Investing is not the best way to protect your income. Even investing substantial assets might not guarantee your family's financial security for life. Not all assets are liquid, capable of generating income. It may not be practical to convert your home, autos, and other possessions into income-generating assets.
Life insurance is one of the most effective tools for replacing lost income, as it can deliver a designated amount of money to your beneficiary, generally income-tax-free, at the very time it is needed most.
To determine how much is enough, you first need to determine your net worth. Here is a simplified rule-of-thumb way to calculate how much you are worth as a "money machine" to your family: simply multiply your present annual income by the number of years until you plan to retire.
For example, if you are 38 years old, plan to retire at 65 and have a current annual income of $45,000, your value is $1,215,000 ($45,000 x 27 years to retirement). This is your minimum financial value, based on the assumption that you live and remain healthy. It does not factor in (1) inflation or (2) real dollar increases in your income over time. So, your actual value is probably a great deal higher! Still, this amount does give you some idea just how much you are worth to your family.
When estimating a ballpark figure of coverage needs, there are other facts to consider:
- When factoring in existing coverage, be careful about including employer-sponsored insurance when calculating your needs. It may end with your employment if you change jobs, leaving you underinsured.
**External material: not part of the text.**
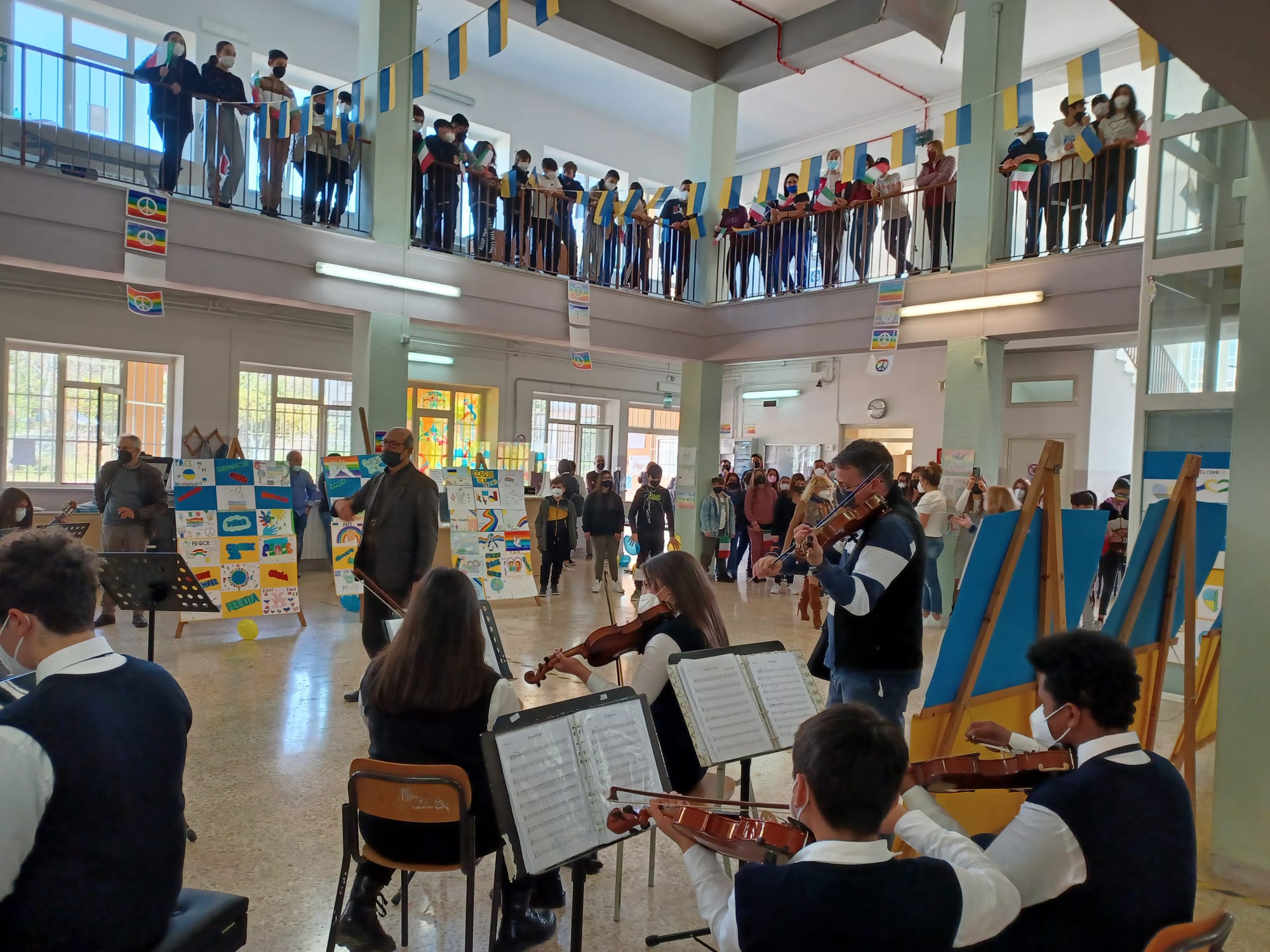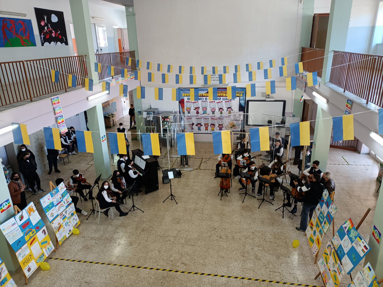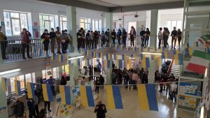 Cartelloni, striscioni, uno zainetto personalizzato pieno di tutto ciò che potrà servire loro per disegnare, scrivere e raccontare. “Oggi il nostro Istituto – dichiara la Dirigente Scolastica Anna Dello Buono – ha vissuto uno dei momenti più toccanti ed emotivamente significativi della sua storia recente. La paura negli occhi di quei bimbi, che ha lasciato poi immediatamente spazio alla meraviglia e alla commozione, sono sentimenti che a parole non si possono descrivere per chi non ha avuto la fortuna di viverli. E le lacrime di gratitudine e di riconoscenza delle mamme sono state la risposta immediata e concreta ai tanti dubbi che in questi giorni ci hanno assalito rispetto alla gestione di una situazione umana che tutti conosciamo, ma che nessuno può davvero capire. La macchina di solidarietà e di amore che si è messa in moto, è stata una sorpresa persino per me. I docenti hanno volontariamente contribuito per l’acquisto del materiale scolastico e di quello con cui gli alunni hanno realizzato i lavori di benvenuto, così come alcuni genitori che si sono fatti carico di sostenere l’Istituto nella realizzazione di questa festa dell’accoglienza, che si è svolta prima presso la Sede Centrale dell’istituto e poi presso il Plesso di Scuola Primaria di Forchia. Una menzione particolare va ai docenti di Strumento Musicale, che, con la performance degli alunni, hanno confermato il linguaggio potente ed universale della musica. Un grande plauso anche ai docenti che hanno trascorso interi pomeriggio ad allestire l’atrio dell’Istituto e ad organizzare l’ accoglienza degli alunni. Il nostro obiettivo – continua ancora la Dirigente Scolastica del “Fermi” di Cervino – sarà infatti creare le condizioni ottimali in cui garantire l’inclusione e l’integrazione dei bimbi ucraini non solo da un punto di vista prettamente scolastico, ma anche e soprattutto da quello umano.

- Be wary of counting term life insurance when adding up your total coverage. Term insurance provides protection for a limited number of years. However, in some cases, it may expire and not be available when needed.
- If you have a child with special needs or a disabled spouse, you may need life insurance to provide lifelong income, not just for a limited number of years.
- If you have excessive debts or higher education bills on the horizon, you may need more coverage than the formula indicates.
- Taxes, appreciation, and inflation.
- If there are other sources of income available, your needs may need lower.
Disability Income Insurance
When protecting your income-earning potential, make sure to think about disability. What would happen to your family if you become disabled and were unable to work? The risk of disability - as well as the potential cost - is simply too great to ignore. (Products available through one or more carriers not affiliated with New York Life; dependent on carrier authorization and product availability in your state or locality.)
If you become disabled, here are five possible ways to manage financially:
- Tap into savings. But how long will the funds last? You could use up in a few short months assets that took years to accumulate.
- Borrow. But who will lend you the money? Even family and friends can only help so much. This is a short-term and potentially short-sighted solution.
- Sell assets. But if you have the assets to sell, what price will you get for them? Will you sell your home? Your cars?
- Count on Social Security. But will your claim be approved and, if so, how much will you receive?
- Transfer the risk to an insurance company. We recommend option #5. It's cheaper, safer, and smarter in the long run.